I am not the sharpest bulb in the drawer, but I know so many people who have family serving in this war, or who did serve in previous wars. My dad is a Veteran. But somewhere along the line, when my dad came marching home, and the next generation came marching home, people stopped, or seem to stop caring for Johnny and Janey. Medical help like M*A*S*H units were able to save soldiers and civilians where in previous battles they would have most likely died from their wounds.   Johnny might have gotten his gun, but came home this time, with broken bodies, slowly healing, and broken brains that needed healing.

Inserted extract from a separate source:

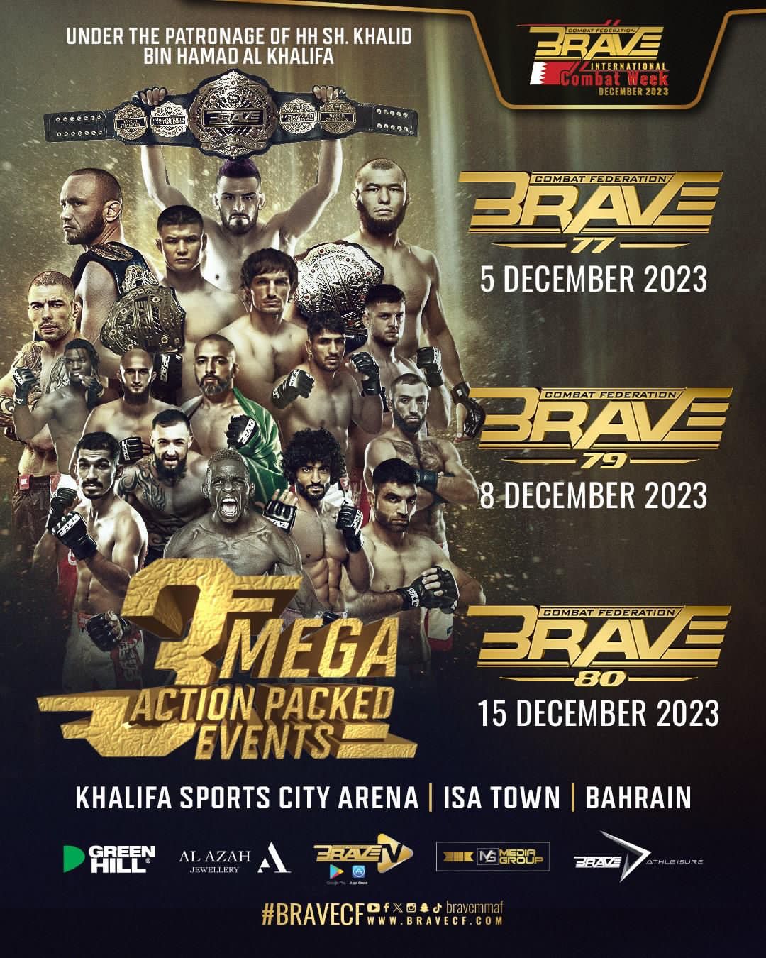وبحسب جدول فعاليات أسبوع بريف الدولي للقتال 2023 في مملكة البحرين، ستقام بطولة BRAVE CF 79 للمحترفين يوم 8 ديسمبر، وتقام بطولة BRAVE CF 80 للمحترفين يوم 15 ديسمبر، ويشهد هذا الحدث الدولي الكبير إقامة النسخة الرابعة لبطولة آسيا لفنون القتال المختلطة للهواة في الفترة 10- 16 ديسمبر.

Just like the intersection in town that claims two or three people a year from car accidents, nothing is done for years until either a very cute child or prominent citizen is killed there. Then it gets the traffic light.

It's time for the traffic light now. It's world peace day, and if it was possible, there wouldn't be anymore wars, people wouldn't judge others by their race or creed or religion and children wouldn't go to bed hungry or have people in their lives who abuse them. I don't know the answers, I just wish we all had that poster on all of our beds.

Peace to those who were murdered today and their families. Peace to us all.

Sunday, November 1, 2009

Do dreamers really live forever?




"Loose your dreams and you will loose your mind
In life unkind".
Rolling Stones, "Ruby Tuesday".







I never have had a problem not dreaming. I love dreaming. I keep a tape recorder and a note pad by bed when I wake so I can write down my dreams.

Lately, all my dreams have been like something out of a Jungian nightmare, old family trips, school, all surrounded  in symbols. But nothing about the future. No dreams, no hopes, no nothing.


The other day I got a piece of spam that said in the header 'Are you living or existing". Oh that was easy. Existing. Not living. Because I don't have any dreams to live for. Not anymore.

Or in other words, I do not know what dreams to dream to live for.  The ones I had as a child and a woman in my twenties are gone. I can re build them again, like the Six Million Dollar Man, stronger and better than they were.

"And if your hopes should pass away/
Simply pretend,
That you can build them again". 
Simon and Garfunkel,  "Hazy Shade of Winter".

I always was able to take shattered dreams and rebuild them. Not a problem. Easy.  But now, it's all the dreams have shattered my hands like holding on to broken glass. My writing, bits and pieces, lie in the trash can, like some type of abortion. Just a little mouse click, and they are gone, forever. Little whispy ghosts on the ethernet of the hard drive. I know my illness has turned me into a gifted and talented writer in my 20s, with so much promise and a book offer, to someone who can barely string two sentences together. I doubt now I can even write, let alone see that level again. What do I do if my brain turns on me and this last desire fails?


...Like carpenters they want to know which tools.
They never ask why build....
Anne Sexton, "Wanting to Die".


I'm not suicidal. I just don't know what to do with the remaining 40 years of my life.

How do you rebuild if you don't know what to rebuild in the first place?